Richard FitzNigel; Dialogue of the Exchequer (c1175)

Royal wealth was not just for show, although that had its purposes too. Gather well and used wisely it provided security not just for the king himself but for the barons and people of his lands who depended on him. As the Norman Conquest showed all too well, successful invaders need have no respect for your family lands. And yet there was a trade. Wealth given up to a king was wealth that you didn’t get to enjoy yourself - you swapped some additional grandeur to secure what you already had. But security came in other ways too. In a world of rights, claims and counter-claims, decisions going against you or the capricious whim of your own lord could wipe you out just as surely as an invading army.

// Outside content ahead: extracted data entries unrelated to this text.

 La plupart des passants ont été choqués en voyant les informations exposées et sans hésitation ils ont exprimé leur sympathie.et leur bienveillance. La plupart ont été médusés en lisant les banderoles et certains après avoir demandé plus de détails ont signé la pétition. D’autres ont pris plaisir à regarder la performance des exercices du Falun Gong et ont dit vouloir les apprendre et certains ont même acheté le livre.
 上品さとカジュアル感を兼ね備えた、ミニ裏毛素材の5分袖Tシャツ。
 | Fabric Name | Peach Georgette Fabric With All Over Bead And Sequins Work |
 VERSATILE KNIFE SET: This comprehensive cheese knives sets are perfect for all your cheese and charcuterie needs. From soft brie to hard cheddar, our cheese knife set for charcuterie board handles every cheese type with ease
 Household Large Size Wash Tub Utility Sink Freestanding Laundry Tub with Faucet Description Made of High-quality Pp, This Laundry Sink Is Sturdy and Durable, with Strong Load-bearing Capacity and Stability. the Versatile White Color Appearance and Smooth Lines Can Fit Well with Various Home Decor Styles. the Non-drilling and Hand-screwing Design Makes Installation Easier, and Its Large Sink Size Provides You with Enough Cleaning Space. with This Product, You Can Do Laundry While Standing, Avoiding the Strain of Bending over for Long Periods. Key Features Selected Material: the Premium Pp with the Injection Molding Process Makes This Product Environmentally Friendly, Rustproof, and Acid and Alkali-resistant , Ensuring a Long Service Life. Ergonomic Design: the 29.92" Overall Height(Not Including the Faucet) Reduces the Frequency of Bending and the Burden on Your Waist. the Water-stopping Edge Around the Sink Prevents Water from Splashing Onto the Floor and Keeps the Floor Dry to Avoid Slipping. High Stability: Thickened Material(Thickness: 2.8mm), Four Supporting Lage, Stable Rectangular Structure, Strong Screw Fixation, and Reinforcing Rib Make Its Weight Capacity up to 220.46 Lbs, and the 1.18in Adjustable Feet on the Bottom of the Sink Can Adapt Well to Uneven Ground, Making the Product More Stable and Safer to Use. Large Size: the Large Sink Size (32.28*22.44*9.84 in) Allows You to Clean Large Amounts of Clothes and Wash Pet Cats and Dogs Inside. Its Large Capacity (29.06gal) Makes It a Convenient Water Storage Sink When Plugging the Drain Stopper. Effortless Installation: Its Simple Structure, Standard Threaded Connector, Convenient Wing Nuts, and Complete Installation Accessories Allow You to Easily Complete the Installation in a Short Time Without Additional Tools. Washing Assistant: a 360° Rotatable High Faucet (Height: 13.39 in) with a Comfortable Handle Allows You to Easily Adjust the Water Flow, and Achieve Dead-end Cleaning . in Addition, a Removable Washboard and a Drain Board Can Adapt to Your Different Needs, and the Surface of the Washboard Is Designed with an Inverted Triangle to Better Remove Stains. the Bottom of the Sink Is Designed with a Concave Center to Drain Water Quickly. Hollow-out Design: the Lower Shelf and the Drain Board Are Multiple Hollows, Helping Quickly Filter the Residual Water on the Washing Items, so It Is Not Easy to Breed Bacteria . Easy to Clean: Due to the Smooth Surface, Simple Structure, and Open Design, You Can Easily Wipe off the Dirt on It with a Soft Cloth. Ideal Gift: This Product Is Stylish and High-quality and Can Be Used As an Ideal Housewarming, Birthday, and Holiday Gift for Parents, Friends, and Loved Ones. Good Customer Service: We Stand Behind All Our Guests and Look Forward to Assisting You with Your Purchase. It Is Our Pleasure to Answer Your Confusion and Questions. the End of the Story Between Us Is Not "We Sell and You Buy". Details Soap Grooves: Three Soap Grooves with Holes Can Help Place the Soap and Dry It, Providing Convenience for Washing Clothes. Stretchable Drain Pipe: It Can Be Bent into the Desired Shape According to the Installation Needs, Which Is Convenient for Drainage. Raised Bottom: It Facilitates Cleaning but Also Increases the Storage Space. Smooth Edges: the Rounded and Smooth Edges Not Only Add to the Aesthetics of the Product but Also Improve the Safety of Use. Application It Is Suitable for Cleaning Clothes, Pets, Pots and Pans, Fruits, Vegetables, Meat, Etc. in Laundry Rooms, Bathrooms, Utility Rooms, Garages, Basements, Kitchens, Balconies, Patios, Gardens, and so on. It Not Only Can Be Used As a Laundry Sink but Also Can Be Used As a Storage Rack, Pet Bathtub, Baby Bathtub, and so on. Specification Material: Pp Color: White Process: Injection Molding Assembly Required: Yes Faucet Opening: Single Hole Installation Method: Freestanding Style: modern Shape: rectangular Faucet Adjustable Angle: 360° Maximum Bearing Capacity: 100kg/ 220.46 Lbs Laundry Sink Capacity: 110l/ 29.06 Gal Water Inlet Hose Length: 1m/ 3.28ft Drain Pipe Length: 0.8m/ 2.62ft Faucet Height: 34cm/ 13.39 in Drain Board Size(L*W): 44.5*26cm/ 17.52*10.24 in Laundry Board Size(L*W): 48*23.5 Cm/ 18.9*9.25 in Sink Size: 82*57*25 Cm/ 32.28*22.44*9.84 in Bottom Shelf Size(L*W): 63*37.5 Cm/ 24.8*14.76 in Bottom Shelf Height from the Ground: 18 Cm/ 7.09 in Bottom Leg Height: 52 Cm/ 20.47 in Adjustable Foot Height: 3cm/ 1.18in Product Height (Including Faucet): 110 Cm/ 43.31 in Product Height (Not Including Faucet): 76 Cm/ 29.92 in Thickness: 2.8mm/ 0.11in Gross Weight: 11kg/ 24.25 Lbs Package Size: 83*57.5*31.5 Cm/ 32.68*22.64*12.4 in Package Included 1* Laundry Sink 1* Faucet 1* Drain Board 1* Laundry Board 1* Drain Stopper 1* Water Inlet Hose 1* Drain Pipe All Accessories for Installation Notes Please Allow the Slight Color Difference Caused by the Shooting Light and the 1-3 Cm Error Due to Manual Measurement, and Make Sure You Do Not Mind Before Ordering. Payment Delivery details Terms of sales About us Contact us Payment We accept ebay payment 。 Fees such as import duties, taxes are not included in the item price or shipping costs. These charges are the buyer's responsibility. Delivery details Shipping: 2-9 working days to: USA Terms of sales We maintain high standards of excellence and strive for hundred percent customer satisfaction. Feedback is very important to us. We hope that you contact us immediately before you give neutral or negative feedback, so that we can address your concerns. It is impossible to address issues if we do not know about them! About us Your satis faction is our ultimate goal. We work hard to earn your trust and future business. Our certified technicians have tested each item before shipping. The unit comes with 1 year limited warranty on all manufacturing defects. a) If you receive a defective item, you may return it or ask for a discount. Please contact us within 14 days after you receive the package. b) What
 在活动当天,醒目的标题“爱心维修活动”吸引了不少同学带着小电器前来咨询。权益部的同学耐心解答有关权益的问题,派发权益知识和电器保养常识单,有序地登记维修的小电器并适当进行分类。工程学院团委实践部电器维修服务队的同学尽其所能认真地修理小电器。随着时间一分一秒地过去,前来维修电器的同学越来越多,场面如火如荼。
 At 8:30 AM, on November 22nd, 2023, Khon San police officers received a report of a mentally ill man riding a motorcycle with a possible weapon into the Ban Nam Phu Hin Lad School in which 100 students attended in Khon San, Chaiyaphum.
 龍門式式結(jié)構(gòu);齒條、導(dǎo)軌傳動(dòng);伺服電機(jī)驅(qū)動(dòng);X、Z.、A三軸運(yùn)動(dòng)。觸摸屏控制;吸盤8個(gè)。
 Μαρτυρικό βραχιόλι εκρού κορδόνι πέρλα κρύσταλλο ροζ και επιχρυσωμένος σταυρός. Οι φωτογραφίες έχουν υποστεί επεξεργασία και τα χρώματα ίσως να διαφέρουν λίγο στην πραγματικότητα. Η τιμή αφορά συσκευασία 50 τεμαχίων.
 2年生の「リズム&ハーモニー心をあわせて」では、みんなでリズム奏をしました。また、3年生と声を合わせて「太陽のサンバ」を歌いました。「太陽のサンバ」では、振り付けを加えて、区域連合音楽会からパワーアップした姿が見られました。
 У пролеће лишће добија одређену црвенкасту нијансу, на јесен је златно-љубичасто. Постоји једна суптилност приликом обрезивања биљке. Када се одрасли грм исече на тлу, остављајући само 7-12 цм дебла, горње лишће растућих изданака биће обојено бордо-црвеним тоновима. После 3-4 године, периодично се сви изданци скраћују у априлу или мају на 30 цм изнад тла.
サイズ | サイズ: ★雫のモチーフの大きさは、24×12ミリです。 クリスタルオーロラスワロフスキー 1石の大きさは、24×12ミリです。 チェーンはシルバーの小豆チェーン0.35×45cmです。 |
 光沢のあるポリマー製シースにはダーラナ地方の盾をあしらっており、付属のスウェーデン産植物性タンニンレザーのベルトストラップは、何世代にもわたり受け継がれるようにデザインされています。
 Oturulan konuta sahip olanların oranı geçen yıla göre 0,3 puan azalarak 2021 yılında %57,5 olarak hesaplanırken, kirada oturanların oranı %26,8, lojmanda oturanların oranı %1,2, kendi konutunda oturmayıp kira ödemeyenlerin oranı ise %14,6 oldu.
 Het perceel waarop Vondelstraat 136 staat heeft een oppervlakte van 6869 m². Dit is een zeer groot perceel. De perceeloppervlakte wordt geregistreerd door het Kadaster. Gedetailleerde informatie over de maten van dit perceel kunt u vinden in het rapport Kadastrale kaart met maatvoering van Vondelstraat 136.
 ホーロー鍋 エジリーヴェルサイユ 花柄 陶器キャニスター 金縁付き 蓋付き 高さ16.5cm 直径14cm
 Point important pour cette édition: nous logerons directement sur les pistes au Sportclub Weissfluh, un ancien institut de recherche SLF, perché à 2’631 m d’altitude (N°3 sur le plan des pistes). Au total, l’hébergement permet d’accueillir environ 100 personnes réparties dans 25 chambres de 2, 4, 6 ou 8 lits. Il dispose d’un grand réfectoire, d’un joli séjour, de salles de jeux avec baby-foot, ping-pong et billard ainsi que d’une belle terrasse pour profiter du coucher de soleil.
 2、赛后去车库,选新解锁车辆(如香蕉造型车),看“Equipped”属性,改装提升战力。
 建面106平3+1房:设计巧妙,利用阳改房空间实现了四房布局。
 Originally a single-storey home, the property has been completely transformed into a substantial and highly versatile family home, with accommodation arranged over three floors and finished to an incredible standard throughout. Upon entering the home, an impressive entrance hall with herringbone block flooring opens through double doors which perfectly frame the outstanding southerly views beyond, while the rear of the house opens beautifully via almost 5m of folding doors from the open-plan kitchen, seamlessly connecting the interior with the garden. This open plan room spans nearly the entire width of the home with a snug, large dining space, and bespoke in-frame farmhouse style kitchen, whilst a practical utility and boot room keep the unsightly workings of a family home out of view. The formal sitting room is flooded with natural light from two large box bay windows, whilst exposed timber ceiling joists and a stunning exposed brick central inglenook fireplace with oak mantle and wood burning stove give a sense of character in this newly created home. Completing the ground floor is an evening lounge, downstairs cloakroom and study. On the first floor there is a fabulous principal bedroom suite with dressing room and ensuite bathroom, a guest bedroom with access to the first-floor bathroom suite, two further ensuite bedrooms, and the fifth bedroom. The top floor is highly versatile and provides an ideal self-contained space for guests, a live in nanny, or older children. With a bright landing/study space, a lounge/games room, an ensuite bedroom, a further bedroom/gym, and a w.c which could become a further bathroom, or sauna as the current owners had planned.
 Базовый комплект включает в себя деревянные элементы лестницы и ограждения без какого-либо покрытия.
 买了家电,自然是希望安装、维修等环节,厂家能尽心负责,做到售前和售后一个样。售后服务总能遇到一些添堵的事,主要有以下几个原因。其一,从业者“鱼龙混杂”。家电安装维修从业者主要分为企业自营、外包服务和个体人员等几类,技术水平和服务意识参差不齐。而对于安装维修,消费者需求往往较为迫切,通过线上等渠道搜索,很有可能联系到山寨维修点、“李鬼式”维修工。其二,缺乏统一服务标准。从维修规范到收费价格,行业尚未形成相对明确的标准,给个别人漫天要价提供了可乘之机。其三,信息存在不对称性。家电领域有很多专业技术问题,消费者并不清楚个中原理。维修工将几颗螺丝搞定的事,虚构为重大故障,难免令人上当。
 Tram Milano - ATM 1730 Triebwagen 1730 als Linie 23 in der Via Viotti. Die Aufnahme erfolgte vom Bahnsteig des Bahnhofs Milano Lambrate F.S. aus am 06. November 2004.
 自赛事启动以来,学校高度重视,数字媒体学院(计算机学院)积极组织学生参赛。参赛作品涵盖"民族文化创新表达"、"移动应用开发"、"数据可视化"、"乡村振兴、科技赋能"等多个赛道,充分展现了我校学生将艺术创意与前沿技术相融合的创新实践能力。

Good lordship, coupled with how much it was worth, became the issue of the age.

England in the twelfth century had almost every type of lordship on show. Local lords held their own manorial courts, the old Anglo Saxon shire and hundred courts persisted for a time, church courts had operated since the 1070s, while around one third of the kingdom fell under forest law. Above it all sat the king’s court, presided over by the king himself or his justiciar. Looking beyond, many lords would either have had continental lands or experienced how somewhere like Normandy or Anjou operated. Alternatives were on show. Kings feared that rival claimants to the crown could pick up support with the promise of a better way of going about their business.

Not that it is immediately obvious what was preferred. Henry I certainly provided security and reunited England and Normandy, although for his subjects this may have seemed costly since he died with his treasury full to bursting. Worries instead came from domestic politics and the fear that lands and opportunities were being lost to Henry’s ’new men’ who he ’raised up from the dust.’ These new men often rose up through royal service, which increasingly included the king’s administration. Sheriffs and local landholders competed for power and influence, along with the income that went with it.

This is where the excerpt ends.